Form Based Authentication Retries in JAVA Web Application

Question

How can a maximum number of login retries be specified when using form based authentication in a java web application?

Answer 1

You would need a custom realm implementation that would support this feature. The actual authentication is managed by a realm that is configured to work with your application (a FileRealm, LDAPRealm, JDBCRealm -- these are only conceptual examples, not normative for JBoss).

By default, the typical ones out of the box do not support a retry lock out behavior.

So, you'd have to create your own.

Realms are containers specific. A realm for JBoss likely won't work on Glassfish or Tomcat, for example. That said, they're all pretty simple.

You could probably easily get started by copying a JDBC based realm implementation for JBoss and add some logic for the retry check. The realm code would be fairly straightforward. You'd still need external logic to do things like reset the lock, sends alerts when the lock is detected, etc.

But the nut of it is, you need a custom realm to pull this off.

Answer 2

From the scenario you explained,you can use a counter to keep track of number of login attempts,you can capture client ip / location to apply specific restrictions.

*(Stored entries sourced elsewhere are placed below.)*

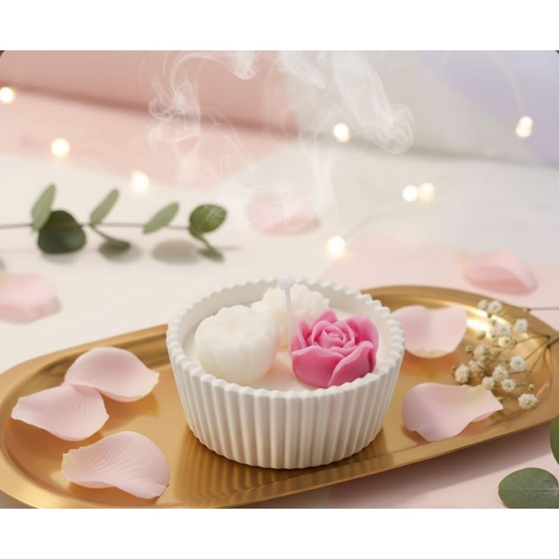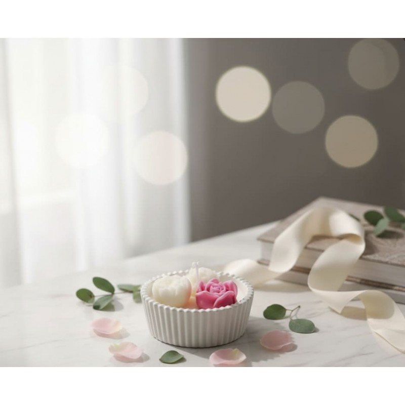 - ръчно изработени соеви рози аранжирани в гипсова кашпа с памучен фитил в центъра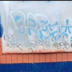 The graffiti was painted on the concession stand at Quarry Field near the intersection of South 18th and Crosman streets, officials said. Police are investigating, and public works crews are cleaning and covering the graffiti.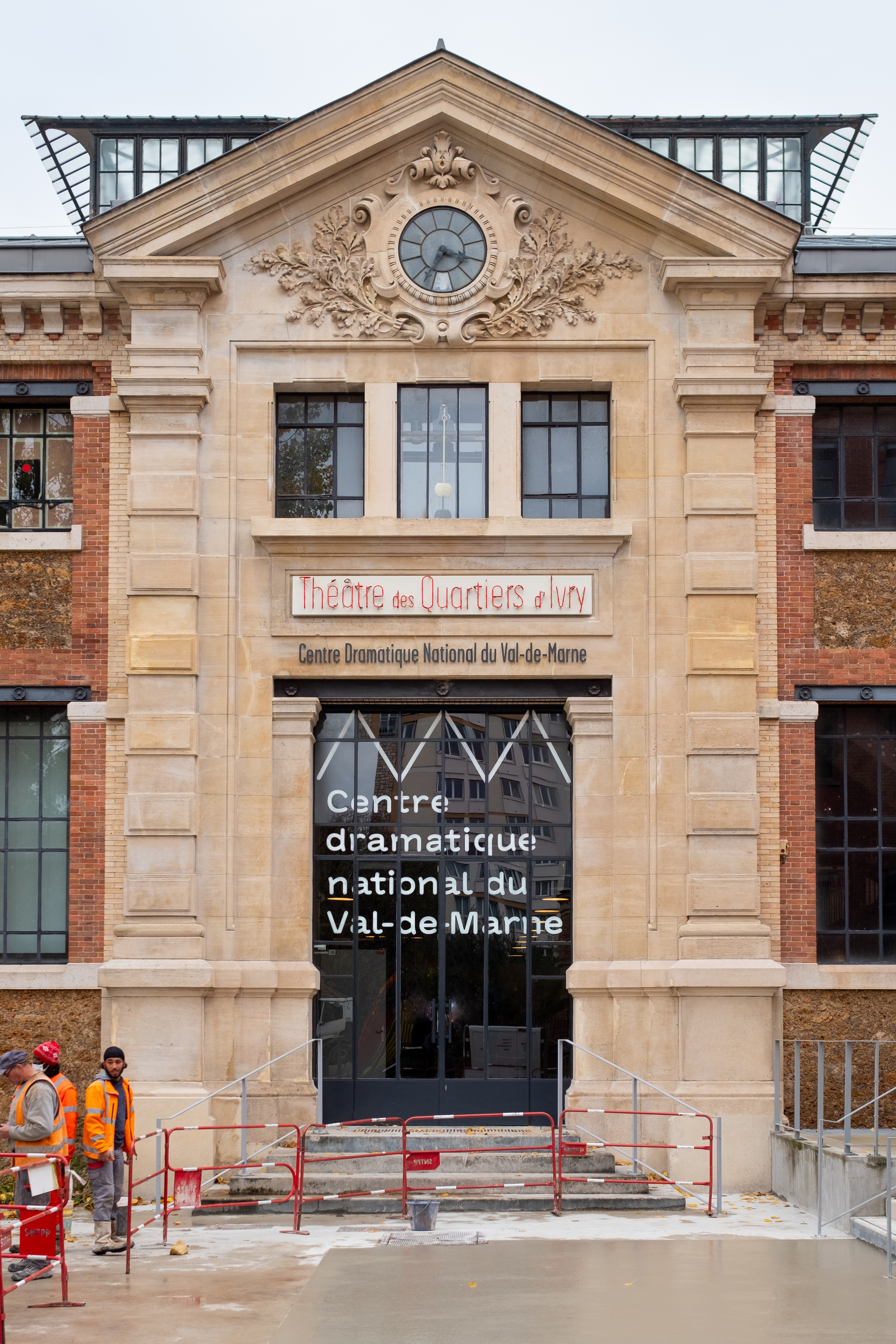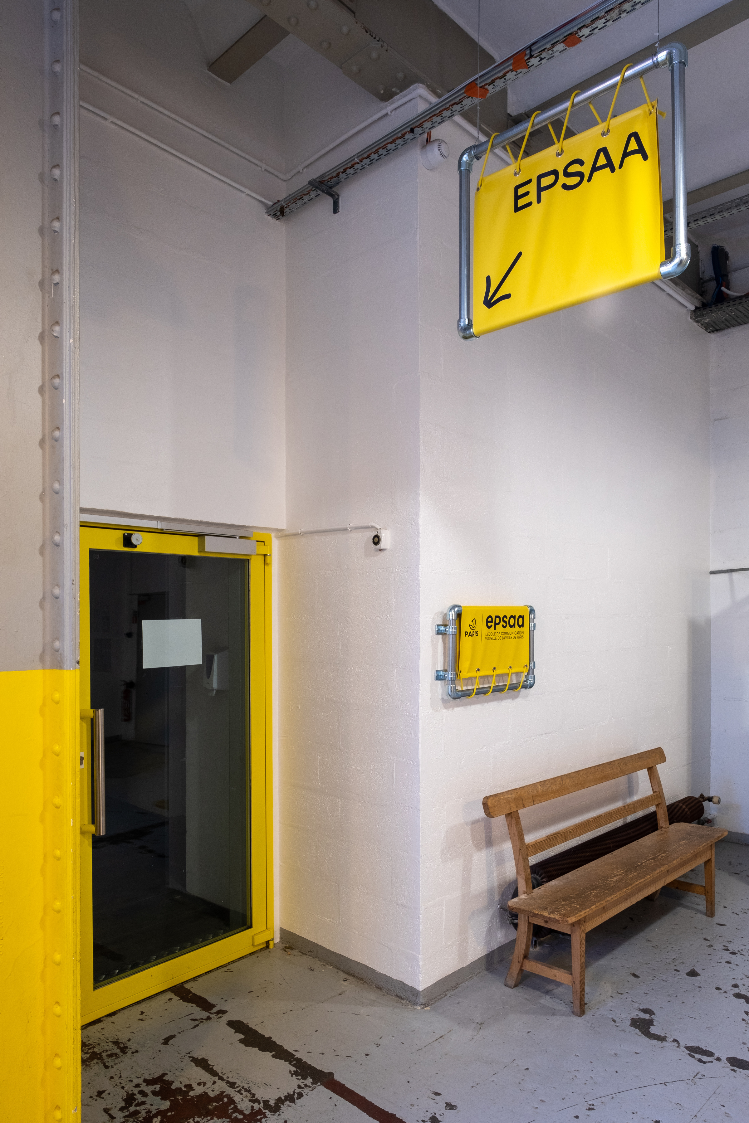 Conception de la signalétique d’identification et d’orientation sur le site hébergeant le Théâtre des quartiers d’Ivry, l’EPSAA – l’École de communication visuelle de la ville de Paris et le Crédac, centre d’art contemporain d’Ivry.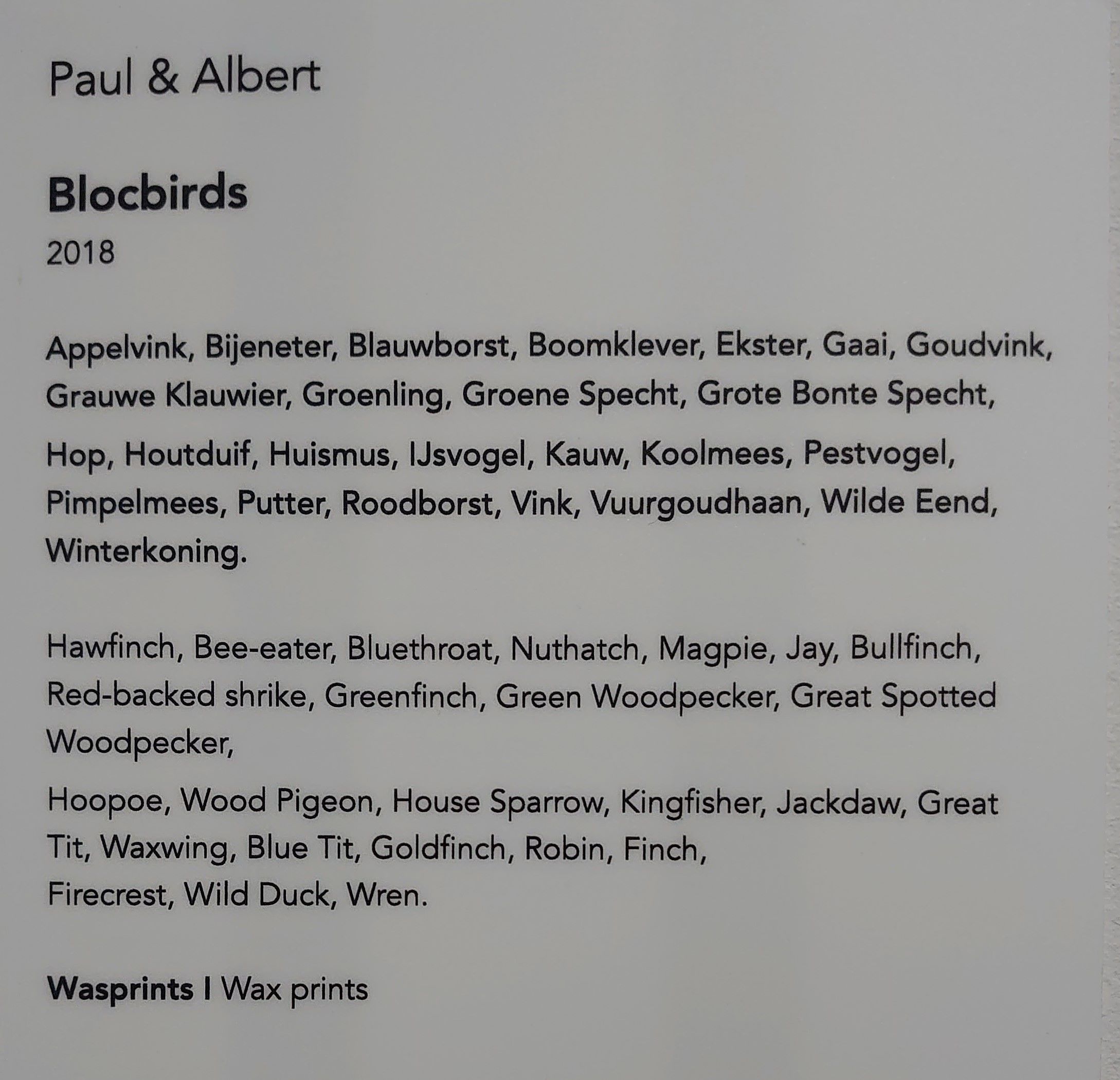 Paul & Albert (www.paul-albert.com)is een duo dat zich beweegt op het snijvlak van kunst en design. Blocbirds is een prijswinnende serie waarbij 25 vogels zijn teruggebracht tot abstracte grafische composities. Het fascinerende is dat in deze grafische verschijningsvorm de vogels nog steeds te herkennen zijn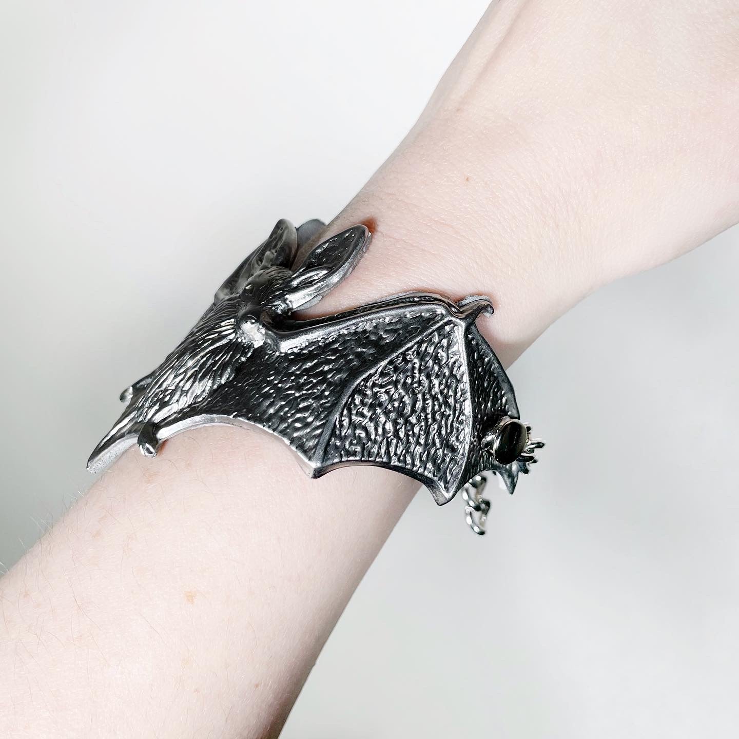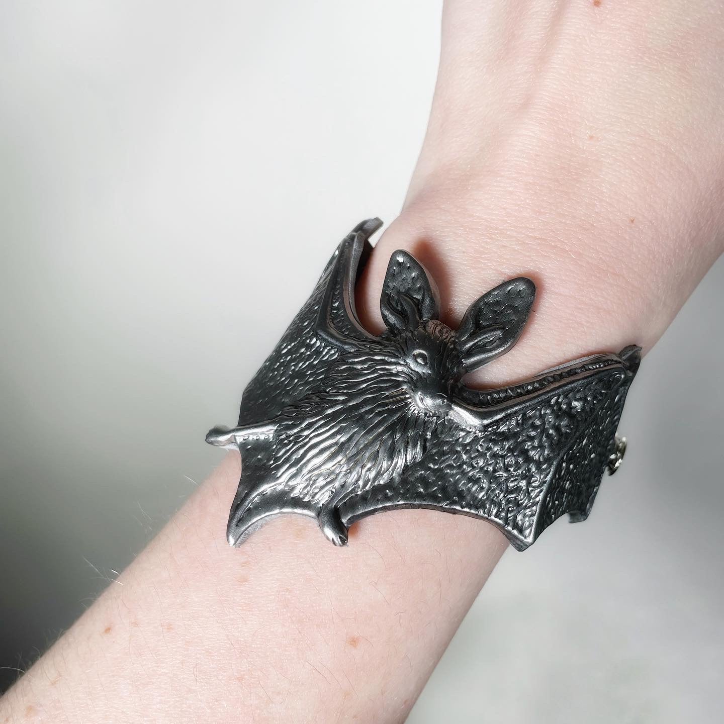 This steel bat bracelet makes the perfect little cuff! It's bendable so it's quite adjustable to your wrist, and it's lined with foam for comfort (because bat wings are pointy!) If you are extremely sensitive, let me know if you'd like it backed with a black rubber cuff, I'm happy to accommodate!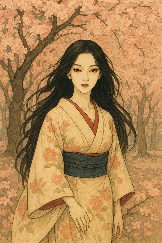 そこは桜の森の ちょうどまんなかのあたりでした。四方の涯は花にかくれて奥が見えませんでした。日頃のような怖れや不安は消えていました。花の涯から吹きよせる冷めたい風もありません。ただひっそりと、そしてひそひそと、花びらが散りつづけているばかりでした。彼は始めて桜の森の満開の下に坐っていました。いつまでもそこに坐っていることができます。彼はもう帰るところがないのですから。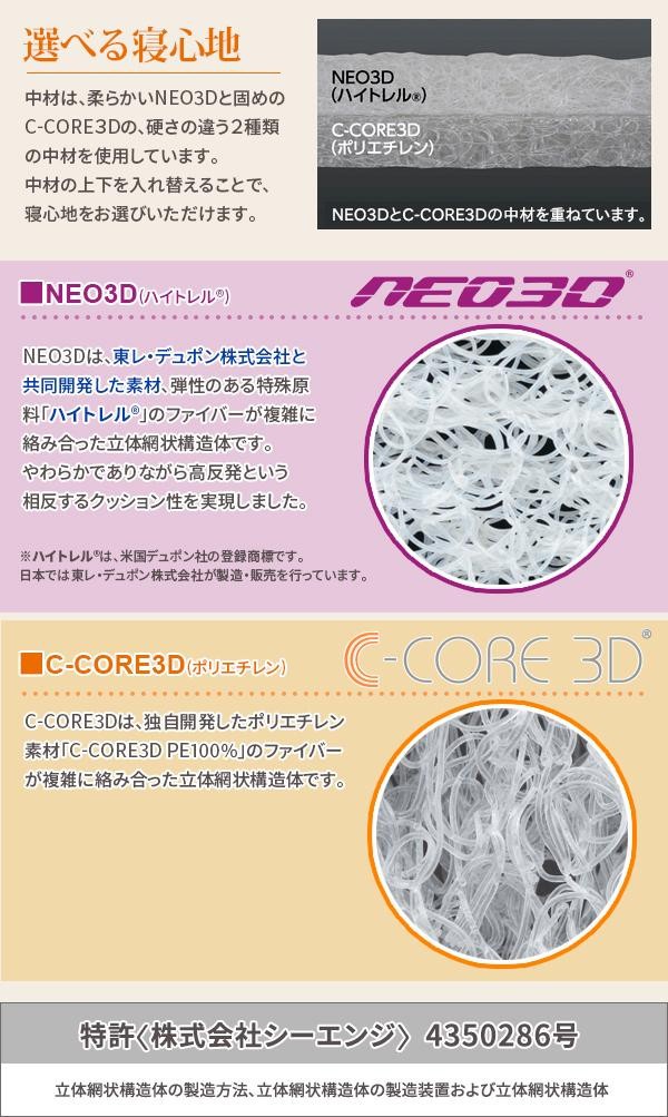 | C-CORE3DとNEO3Dを中材に使用!!ハイブリッド構造のマットレス。 |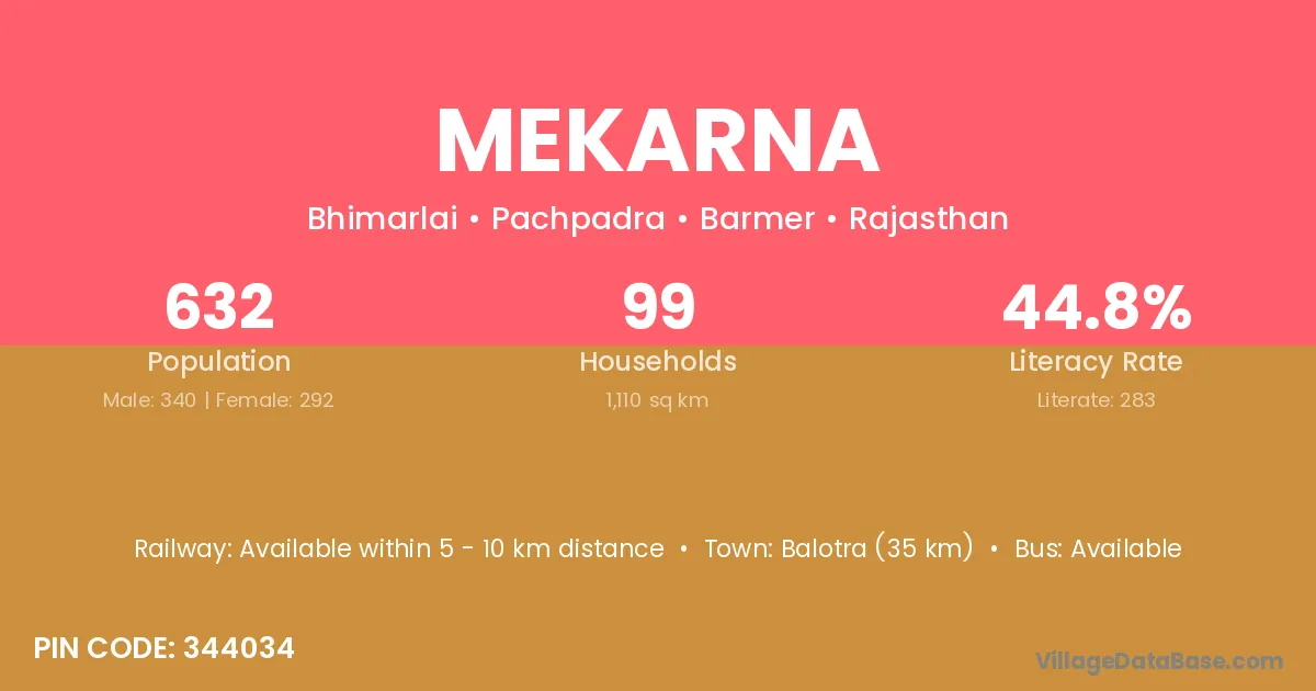 Balotra (35 km) is the nearest town to Mekarna village for major economic activities and is located approximately 35 km away.

There could be two failed cases. 1. Invalid Login id 2. Incorrect password

Case 1 : Invalid Login id If the login id is invalid , you can ask the user to enter correct id, many times as you want or upto 5/8 attempts just to make sure no one trying to hack through a programming construct.

Case 2 : Incorrect password If the login id is valid ,and password entered is incorrect, as an average you should allow the user to enter upto 3 times and then redirect the user to a secure question mode or CAPTCHA mode or password change mode

Anyway most of the log in system implemented through DB , even you use any encryption mechanism, but make sure your log is tracked to analyze hacking attempts.